In the statements of Marmeladov, we do not notice a shadow of theomachism. not a shadow of social protest - he takes all the blame on himself and his kind. But here there is another side of the issue - Marmeladov perceives his appearance and the suffering of his family as something inevitable in his self-flagellation, Christian repentance has no desire to start life "divinely", hence his humility acts only as a desire for petition and does not contain reserves of self-improvement .

It is no coincidence that the confession of a drunken official causes Raskolnikov at first to contempt and the idea that a person is a scoundrel. But then a deeper idea arises: “Well, if I lied,” he suddenly exclaimed involuntarily, “if a person is really not a scoundrel, the whole in general, the whole race, that is, the human race, it means that the rest is all prejudices, only fears posed , and there are no barriers, and so it should be!.." 40

What is it about? If a person suffers without guilt, since he is not a scoundrel, then everything external to him - which allows suffering and causes suffering - is prejudice. Social laws, morality - prejudices. And then God is also a prejudice. That is, a person is his own master and everything is allowed to him.

That is, a person has the right to violate the external law, both human and divine. Unlike the same Marmeladov, Raskolnikov begins to look for the cause of human suffering not in himself, but in external forces.
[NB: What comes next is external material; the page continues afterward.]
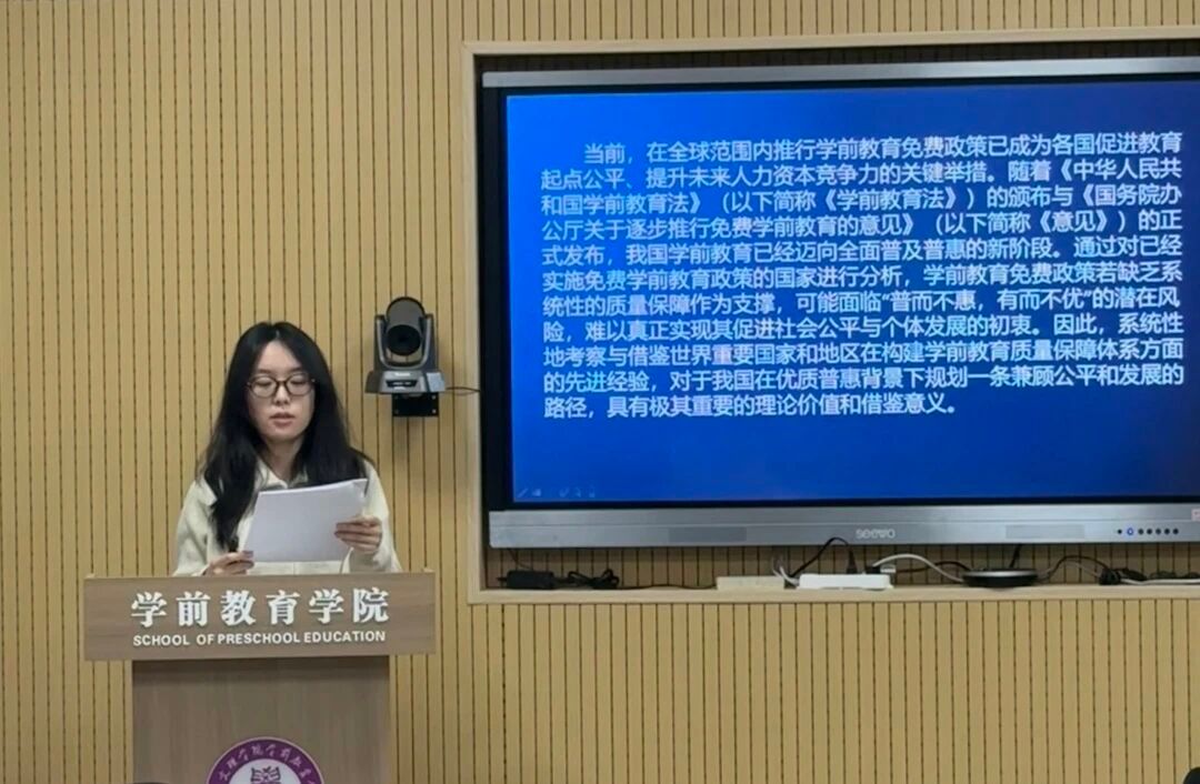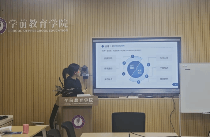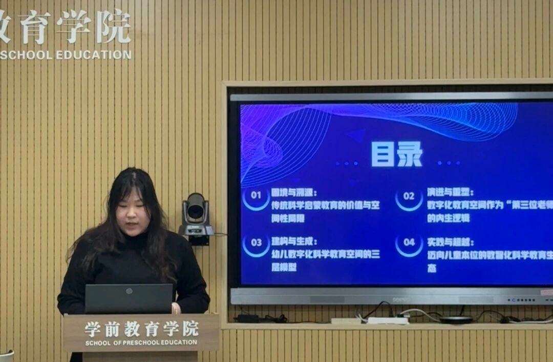 研究生们依次围绕人口结构、数字化教育、技术时代的师幼关系构建、教师情感与人工智能整合能力、教育空间及普惠政策等前沿议题进行了学术汇报。与会导师们进行了细致反馈,强调在关注技术、政策的同时,始终不能脱离“幼儿为本”的学科根基。在研究中注重“扎根现实、眺望未来”,寄语同学们在未来的研究中进一步拓宽理论视野、深化实证探索。在自由提问环节,同学们踊跃发言,与导师们展开了热烈讨论,现场学术气氛浓厚。

How not to recall the arguments of V.G. Belinsky that he, having not received THERE an intelligible answer to the question of why the little man suffers, will return the ticket to the kingdom of God back, and he himself will rush headlong down.

Raskolnikov's former thoughts about the "real thing", which everyone does not dare to do "out of cowardice", fear of a "new step", begin to be reinforced by an increase in his theoretical constructions of the idea of ​​the inherent value of the human person.
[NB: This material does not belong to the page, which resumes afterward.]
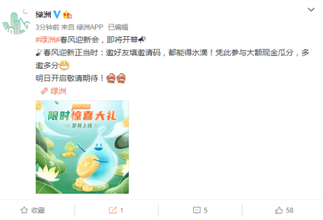 今日,綠洲官方微博發(fā)文表示,春風迎新正當時,邀好友填邀請碼即可憑水滴參與瓜分大額現(xiàn)金。事實上,這并不是綠洲首次探索現(xiàn)金拉新,據(jù)速途網(wǎng)觀察,春節(jié)期間綠洲也曾有過嘗試。

But in Raskolnikov's head the thought is also intensively working that not all people suffer, the majority suffers and is humiliated, but a certain generation of the "strong" does not suffer, but causes suffering. Let us turn to the reasoning of the philosopher M.I. Tugan-Baranovsky on this topic. The researcher considers the postulation by people like Raskolnikov of the idea of ​​the intrinsic value of the human personality outside of its divine self-consciousness as a theoretical dead end, a substitution of divine moral laws for human willfulness. The formal recognition for all people of the right to self-worth turns into the socialist theory of the right to human deity for a few: “The belief in the inequality of people,” writes Tugan-Baranovsky, “is Raskolnikov’s main conviction in Crime and Punishment.” For him, the entire human race is divided into two unequal honors: the majority, a crowd of ordinary people who are the raw material of history, and a small handful of people of a higher spirit who make history and lead humanity. 41

It is interesting that the "philosopher" of humility Marmeladov, who nevertheless thought enough in a Christian way, does not have inequality before God - everyone equally deserves salvation.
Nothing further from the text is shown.